Every year, from the start of the new year to the middle of February, stores are flooded with red and pink, urging consumers to buy mass-produced gifts to make their special someone feel, well, special. 

Valentine’s Day isn’t just another capitalist ploy — at least it wasn’t intended to be. The celebration of Valentine’s Day has to do with St. Valentine, a figure in the Catholic Church. 

The Catholic Church recognizes three different saints named Valentine but it’s unclear which one the holiday is for. Each figure is believed to be “sympathetic, heroic and, most importantly, romantic,” according to the History Channel.

Some historians believe Valentine’s Day is a spinoff of Lupercalia, an ancient fertility festival. Lupercalia was a sexually-charged celebration to “ward off evil spirits and infertility.”

At the end of the fifth century, Lupercalia was deemed “unchristian” and outlawed.Then the Pope declared Feb. 14 a day to celebrate St. Valentine.

However, these are the origins of ancient traditions we’re talking about. It can be hard to pinpoint how these things started. 

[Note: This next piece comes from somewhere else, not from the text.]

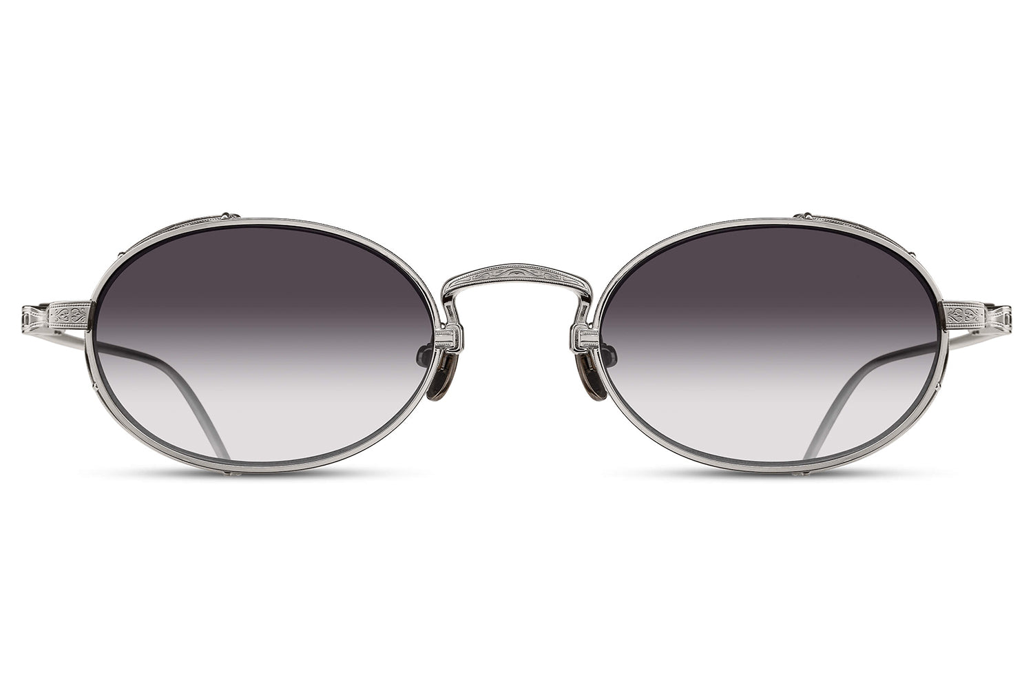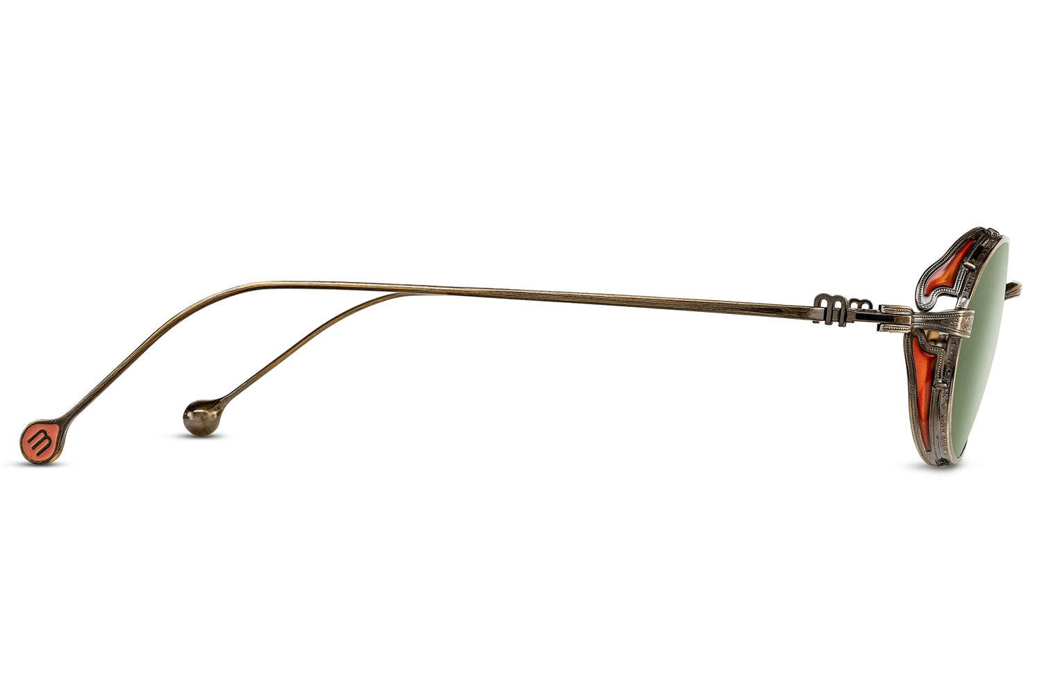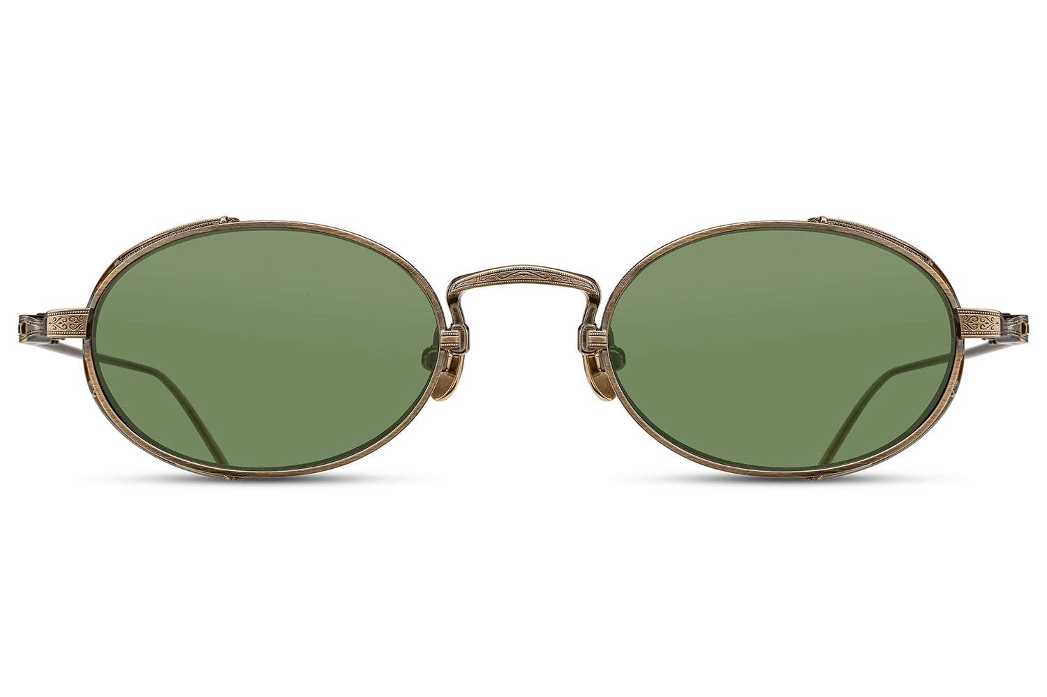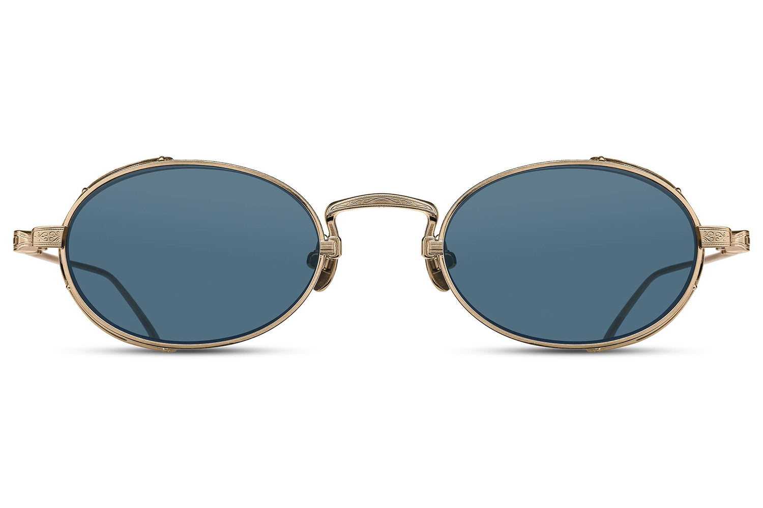 The Matsuda - M3169 balances vintage influence with modern precision in a refined oval titanium silhouette. Born from Matsuda's Japanese heritage of meticulous craftsmanship, hand-lacquered side shields inspired by Art Nouveau ornamentation create distinctive sculptural detail. Finished in 22.5K gold or palladium with signature M+N temple engravings that showcase the brand's artisanal legacy. Lightweight titanium construction ensures all-day comfort while delivering structural elegance and ornamental refinement. Handmade in Japan with utmost attention to detail. A marriage of structure and ornamentation in distinctly modern form—where heritage technique meets contemporary expression with subdued confidence and timeless character. Handmade in Japan. Includes Matsuda box, case, and cleaning cloth.

There are also theories that the historical background of Valentine’s Day is all hogwash and the holiday was created by Hallmark, hence “Hallmark Holiday.”

Hallmark never said it had any involvement in creating the holiday, but the company certainly benefits from it; think of all the Valentine’s Day cards people buy.

Consumers are attacked with ads directing them to stores to spend money to prove they care about their loved ones; because in capitalist America, we show affection by giving tangible gifts.

The National Retail Federation anticipates consumers will spend an average $196.31 on Valentine’s Day this year, up 21 percent from last year’s $161.96. In total, spending is expected to reach $27.4 billion, up 32 percent from last year’s $20.7 billion. 

The holiday has just become a way for businesses to manipulate your emotions to stress you out over the “perfect gift.” But in reality, all that matters is that you love the person you’re trying to shop for and you show that by giving your time. 

Is Valentine’s Day a scam controlled by Hallmark and hungry companies profiting off of our illogical desire to please our loved ones with high price tags? Maybe. 

Consider how short life is for a moment. At the end of the day, will all the expensive flowers, cards and heart-shaped boxes of chocolate hold any real value? Ultimately, what people really value and look back on are the memories they make with their loved ones. 

This Valentine’s Day, I encourage you to step away from the capitalist rat race and show those close to you that you care for them through your actions, not your wallet.